Months after Buhari claimed a “technical defeat” of Boko Haram in December 2015, a regional multinational military force of 8,700 fighters from Nigeria, Benin, Cameroon, Chad and Niger continues to report successes against the jihadists while suicide bombings still occur.

In its report, UNICEF described Boko Haram’s displacement of children as the “fastest growing humanitarian crisis in Africa.” The number of displaced children increased by more than 60 percent since May 2013, rising from 800,000 to 1.3 million, the report said. Including children and adults, more than 2.3 million people were considered displaced in Nigeria (1.9 million), Cameroon (211,000), Niger (157,000) and Chad (55,000).

“Hit-and-run attacks and suicide bombings are depriving people of essential services, destroying vital infrastructure and sowing fear,” the report said. “In North-East Nigeria, about 90 percent of displaced families are sheltered by some of the world’s poorest communities, placing additional strain on already limited resources.”

Working to establish strict Sharia law across Nigeria, Boko Haram has been most active in northeastern Nigeria where many of the 20,000 deaths occurred that the terrorists are blamed for since 2009. Boko Haram originally targeted Christians, but has also killed moderate Muslims.

Killings of Nigerian Christians increased 62 percent in the past year, according to the February report “Crushed But Not Defeated,” from the Open Doors religious freedom ministry and the Christian Association of Nigeria. Northern Nigerian Christian communities suffered at least 4,028 murders and 198 church attacks in 2015 from Boko Haram, Muslim Fulani herdsmen and others, compared to 2,484 killings and 108 church attacks the previous year, the Open Doors report said.

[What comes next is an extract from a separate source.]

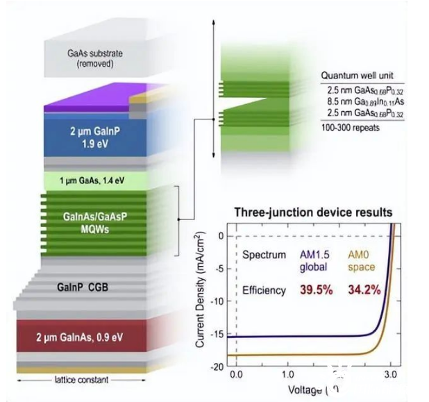 這種新型太陽能電池建立在一種稱為倒置變質(zhì)多結(jié)(IMM)電池的架構(gòu)上。它具有響應(yīng)光產(chǎn)生電流的三個(gè)組件。重要的是,這些結(jié)中的每一個(gè)都由不同的材料構(gòu)成:頂部是磷化鎵銦,中心是砷化鎵,底部是砷化鎵銦。它們能夠吸收各種波長,因此電池可以從整個(gè)光譜中捕獲更多能量。
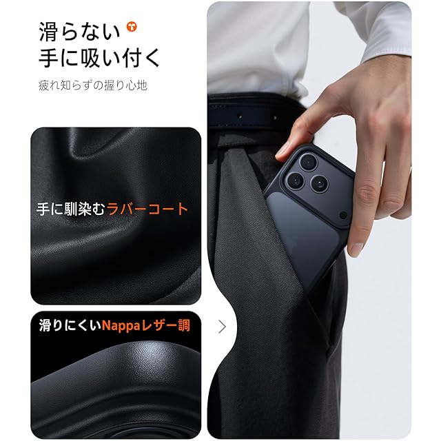 【防滑と快適さの完成形、7年の進化】NaPPaレザー調の微細なテクスチャーとラバー塗装を組み合わせ、手に自然に馴染む防滑性を実現。サラサラで滑らか、高級マウスのような上質な手触り。7年間の改良の末に辿り着いた、滑りにくさと心地よさの究極バランスです。手に握った瞬間から安心感と満足感が広がり、長時間の操作や持ち歩きでも疲れにくく、滑り落ちの不安から解放されます。(対応機種:For いPhone17pro ケース)

Between 2006 and 2014, Open Doors estimated, 11,500 Christians were killed in northern Nigeria; and at least 13,000 churches have been attacked, destroyed or abandoned since 2000. The report ranks Nigeria as 12th on the Open Doors 2016 World Watch List of the countries where it is most difficult to live as a Christian, and estimates 30 million Christians live in the region.